Work request:
Nothing outside the lines below from the one containing "草书七言联 纸本 1949年作 各纵109厘米 横27厘米 澳门博物馆藏" through the one containing "Volcan biedt een" is to be printed; print those exactly, ends included, and drop the pictures.

Record set:
- Opening Delimiter -
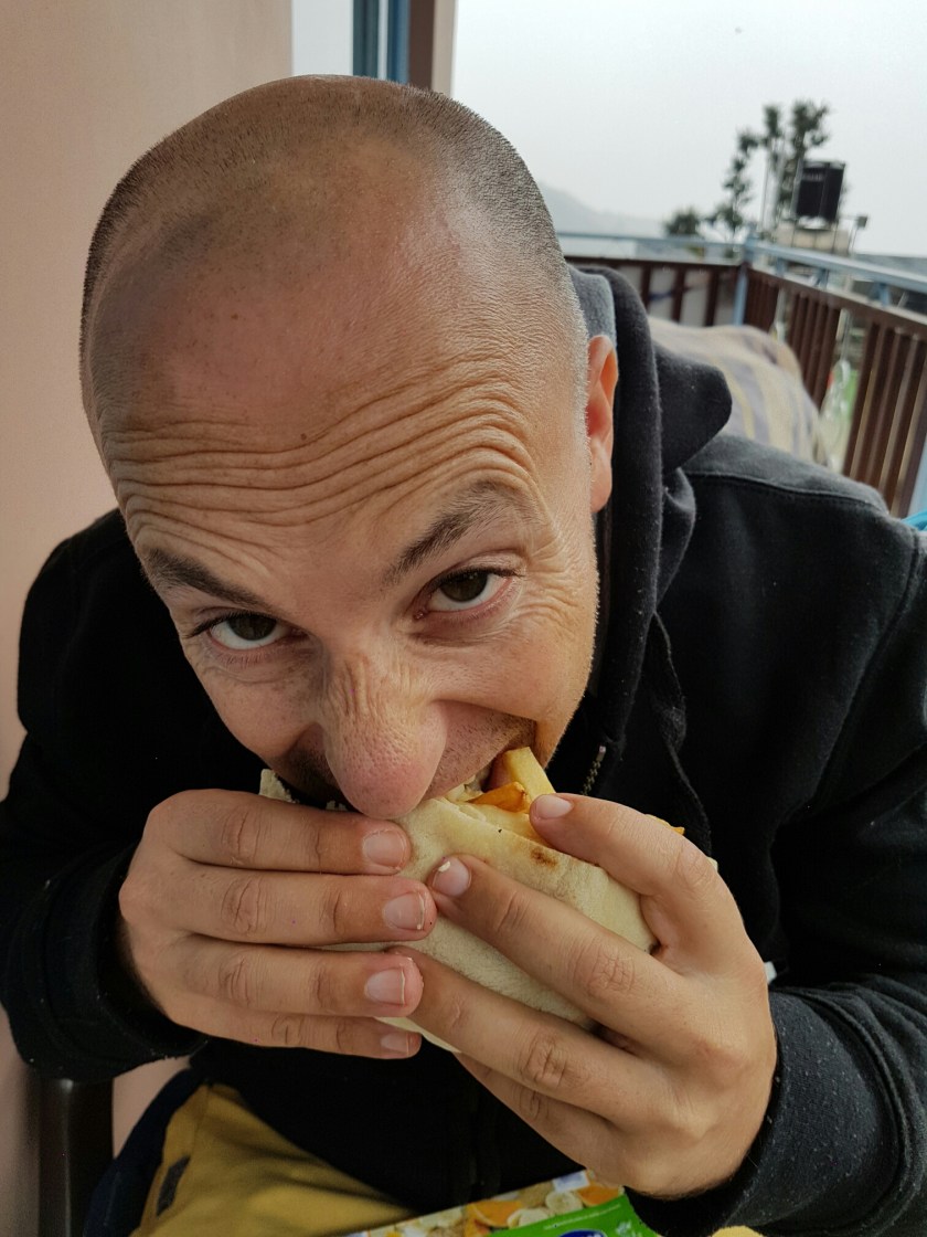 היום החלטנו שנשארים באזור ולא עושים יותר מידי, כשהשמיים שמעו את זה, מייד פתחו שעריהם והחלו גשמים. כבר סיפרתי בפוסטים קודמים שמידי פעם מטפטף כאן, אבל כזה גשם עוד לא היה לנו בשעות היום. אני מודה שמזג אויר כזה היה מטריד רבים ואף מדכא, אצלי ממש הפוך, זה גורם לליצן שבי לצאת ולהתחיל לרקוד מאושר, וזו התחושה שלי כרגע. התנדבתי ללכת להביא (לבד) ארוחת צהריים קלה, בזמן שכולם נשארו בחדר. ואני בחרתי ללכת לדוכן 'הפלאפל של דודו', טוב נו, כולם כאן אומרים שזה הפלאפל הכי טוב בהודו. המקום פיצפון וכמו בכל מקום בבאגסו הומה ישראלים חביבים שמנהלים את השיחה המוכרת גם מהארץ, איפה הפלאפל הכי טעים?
- Closing Delimiter -
- Opening Delimiter -
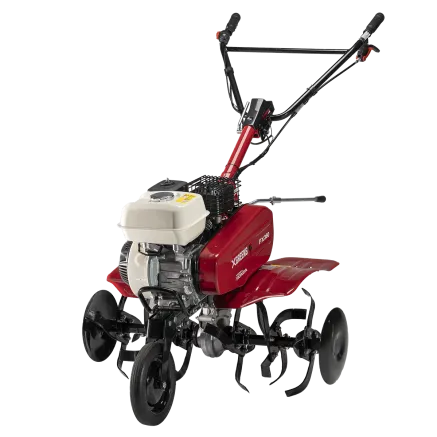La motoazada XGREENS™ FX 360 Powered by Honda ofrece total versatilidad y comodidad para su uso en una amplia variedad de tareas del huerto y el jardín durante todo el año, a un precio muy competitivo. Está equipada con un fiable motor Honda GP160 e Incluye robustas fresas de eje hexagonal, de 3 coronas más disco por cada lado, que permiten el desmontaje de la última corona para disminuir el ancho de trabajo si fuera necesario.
- Closing Delimiter -
- Opening Delimiter -
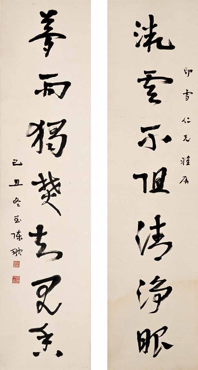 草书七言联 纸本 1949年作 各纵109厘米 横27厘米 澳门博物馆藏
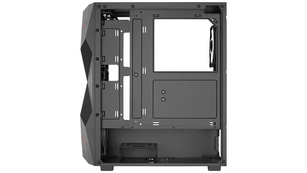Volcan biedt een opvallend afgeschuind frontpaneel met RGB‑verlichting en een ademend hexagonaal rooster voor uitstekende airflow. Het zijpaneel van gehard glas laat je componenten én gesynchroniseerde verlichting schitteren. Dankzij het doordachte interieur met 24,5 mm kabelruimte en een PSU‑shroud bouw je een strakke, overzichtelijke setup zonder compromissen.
- Closing Delimiter -
Output for this task:
 草书七言联 纸本 1949年作 各纵109厘米 横27厘米 澳门博物馆藏
Volcan biedt een opvallend afgeschuind frontpaneel met RGB‑verlichting en een ademend hexagonaal rooster voor uitstekende airflow. Het zijpaneel van gehard glas laat je componenten én gesynchroniseerde verlichting schitteren. Dankzij het doordachte interieur met 24,5 mm kabelruimte en een PSU‑shroud bouw je een strakke, overzichtelijke setup zonder compromissen.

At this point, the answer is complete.